* [DATA EXTRACTS]
-----
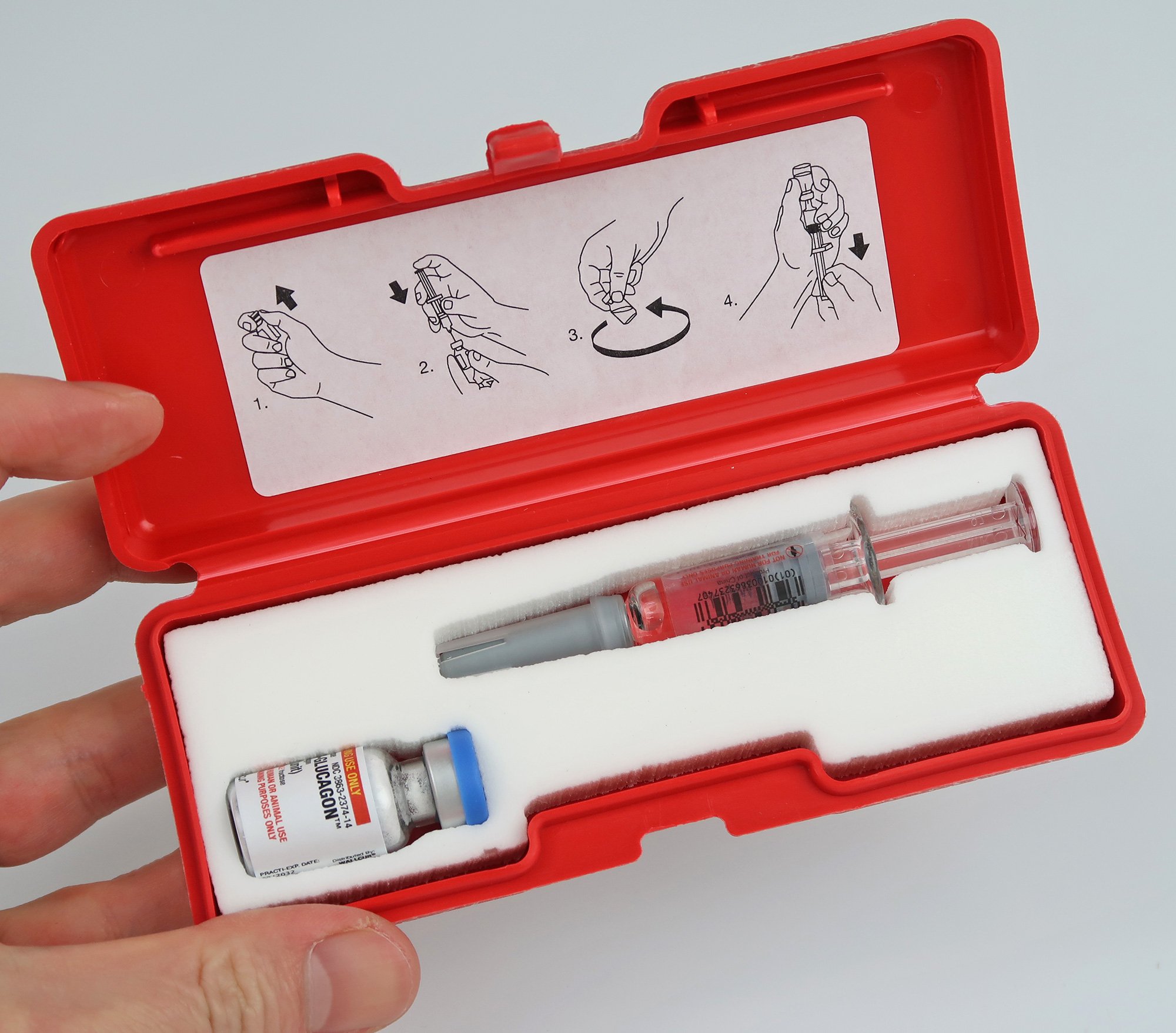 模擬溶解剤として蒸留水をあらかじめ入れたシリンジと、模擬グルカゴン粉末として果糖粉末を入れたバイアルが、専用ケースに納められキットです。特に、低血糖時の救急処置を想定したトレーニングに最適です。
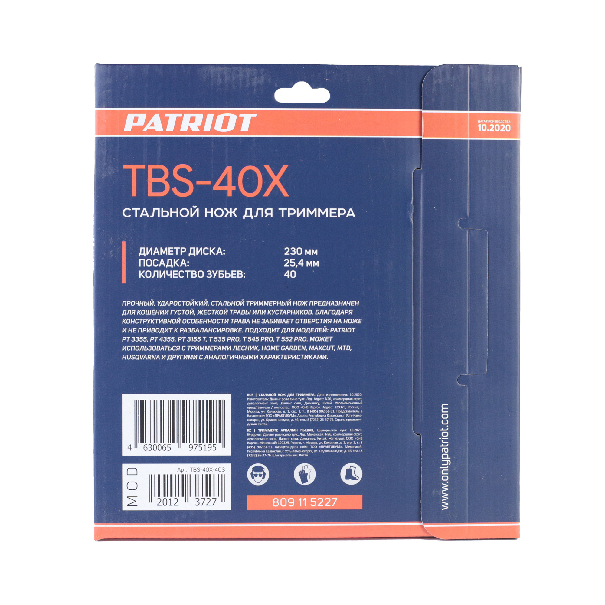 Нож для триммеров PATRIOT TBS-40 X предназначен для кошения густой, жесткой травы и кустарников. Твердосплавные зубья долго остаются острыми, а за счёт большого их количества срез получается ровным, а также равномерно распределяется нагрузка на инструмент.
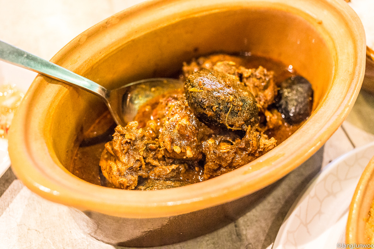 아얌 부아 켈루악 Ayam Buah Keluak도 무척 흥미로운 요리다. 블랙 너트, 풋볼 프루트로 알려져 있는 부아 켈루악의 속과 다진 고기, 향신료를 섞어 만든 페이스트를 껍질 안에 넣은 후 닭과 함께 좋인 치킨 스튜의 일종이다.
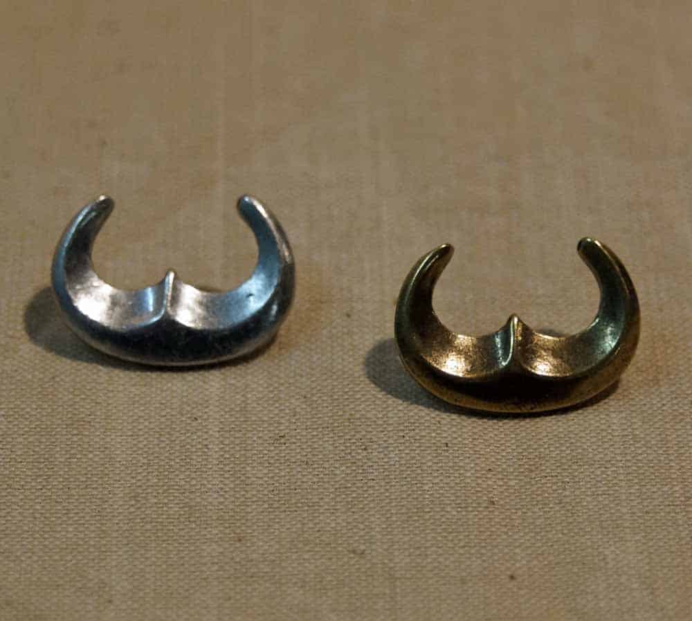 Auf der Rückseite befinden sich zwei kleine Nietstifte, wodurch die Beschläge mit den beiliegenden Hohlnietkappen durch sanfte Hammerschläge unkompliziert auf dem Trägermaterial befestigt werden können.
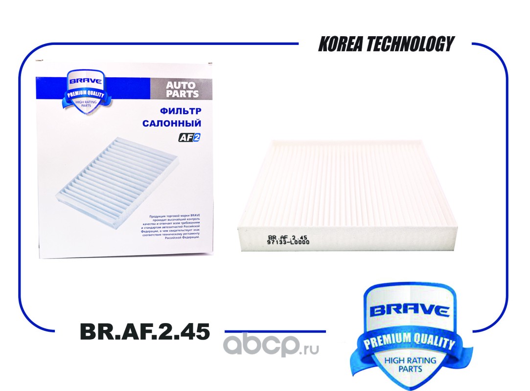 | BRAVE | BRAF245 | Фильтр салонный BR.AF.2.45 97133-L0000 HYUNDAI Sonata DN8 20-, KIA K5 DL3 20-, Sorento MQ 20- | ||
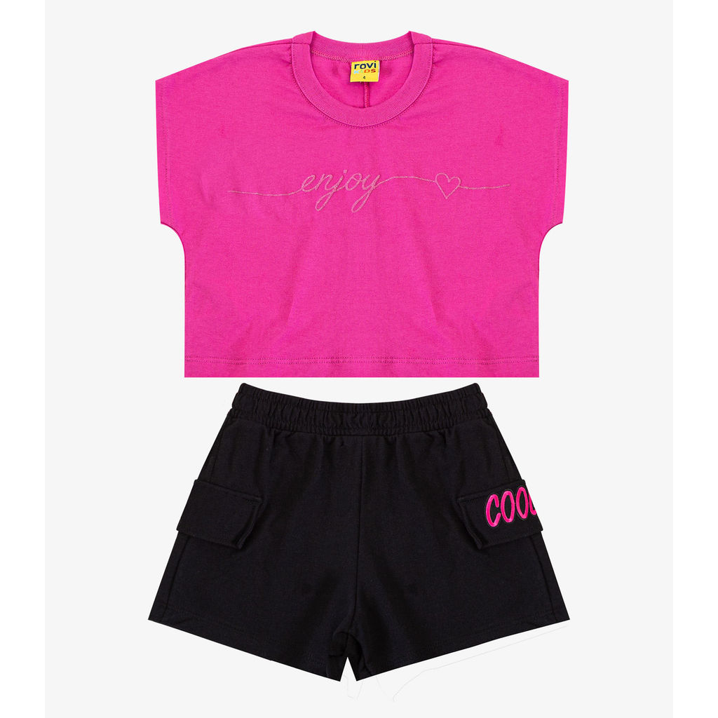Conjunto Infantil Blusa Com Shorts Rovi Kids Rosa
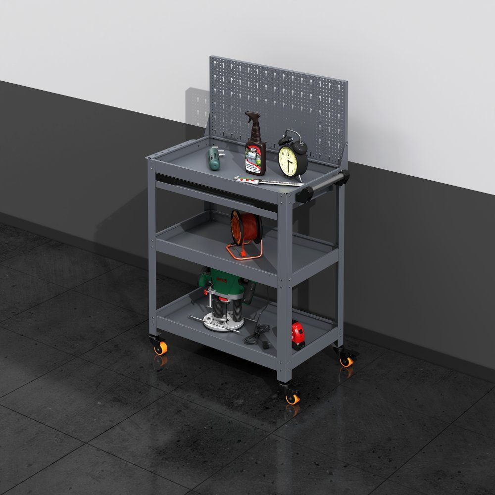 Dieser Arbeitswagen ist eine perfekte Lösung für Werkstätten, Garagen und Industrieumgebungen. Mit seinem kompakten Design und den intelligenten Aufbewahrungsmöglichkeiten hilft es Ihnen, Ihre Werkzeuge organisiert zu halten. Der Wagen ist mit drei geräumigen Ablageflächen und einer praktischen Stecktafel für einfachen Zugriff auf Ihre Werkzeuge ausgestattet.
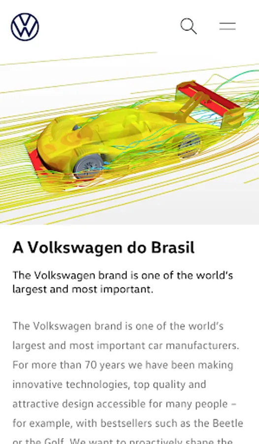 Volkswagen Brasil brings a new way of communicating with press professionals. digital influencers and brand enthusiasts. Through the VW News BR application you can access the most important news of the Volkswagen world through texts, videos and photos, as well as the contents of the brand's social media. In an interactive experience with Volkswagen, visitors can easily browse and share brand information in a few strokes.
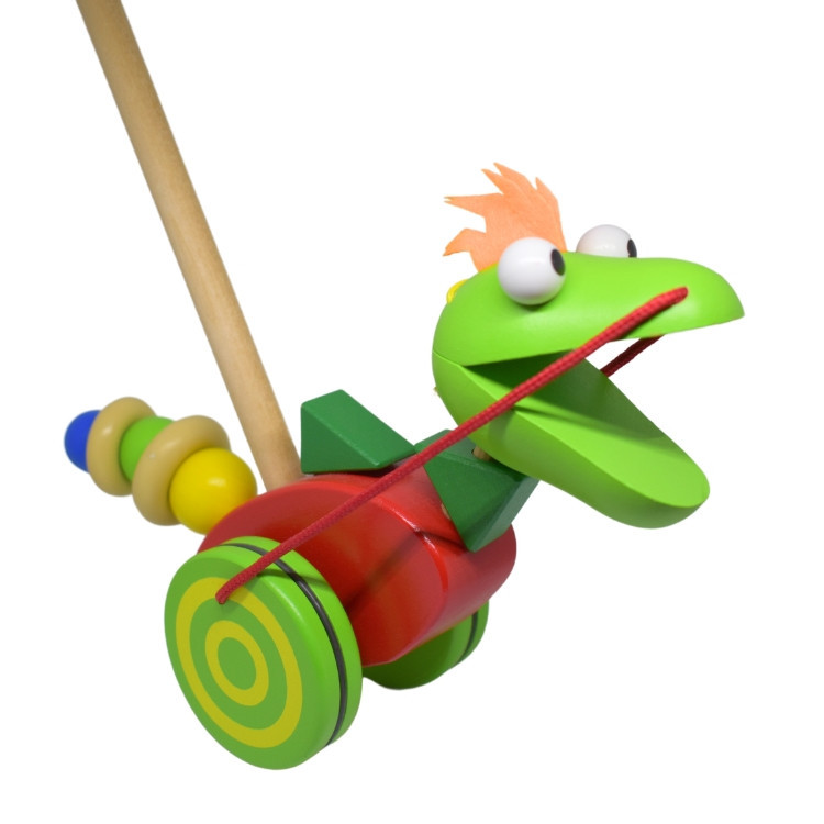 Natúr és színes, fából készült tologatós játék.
-----
* [PROBLEM REQUIREMENTS] Copy exactly, without pictures, the lines above from the one with "아얌 부아 켈루악 Ayam" down to the one with "Dieser Arbeitswagen ist", inclusive.

* [RESPONSE AREA]
 아얌 부아 켈루악 Ayam Buah Keluak도 무척 흥미로운 요리다. 블랙 너트, 풋볼 프루트로 알려져 있는 부아 켈루악의 속과 다진 고기, 향신료를 섞어 만든 페이스트를 껍질 안에 넣은 후 닭과 함께 좋인 치킨 스튜의 일종이다.
 Auf der Rückseite befinden sich zwei kleine Nietstifte, wodurch die Beschläge mit den beiliegenden Hohlnietkappen durch sanfte Hammerschläge unkompliziert auf dem Trägermaterial befestigt werden können.
 | BRAVE | BRAF245 | Фильтр салонный BR.AF.2.45 97133-L0000 HYUNDAI Sonata DN8 20-, KIA K5 DL3 20-, Sorento MQ 20- | ||
Conjunto Infantil Blusa Com Shorts Rovi Kids Rosa
 Dieser Arbeitswagen ist eine perfekte Lösung für Werkstätten, Garagen und Industrieumgebungen. Mit seinem kompakten Design und den intelligenten Aufbewahrungsmöglichkeiten hilft es Ihnen, Ihre Werkzeuge organisiert zu halten. Der Wagen ist mit drei geräumigen Ablageflächen und einer praktischen Stecktafel für einfachen Zugriff auf Ihre Werkzeuge ausgestattet.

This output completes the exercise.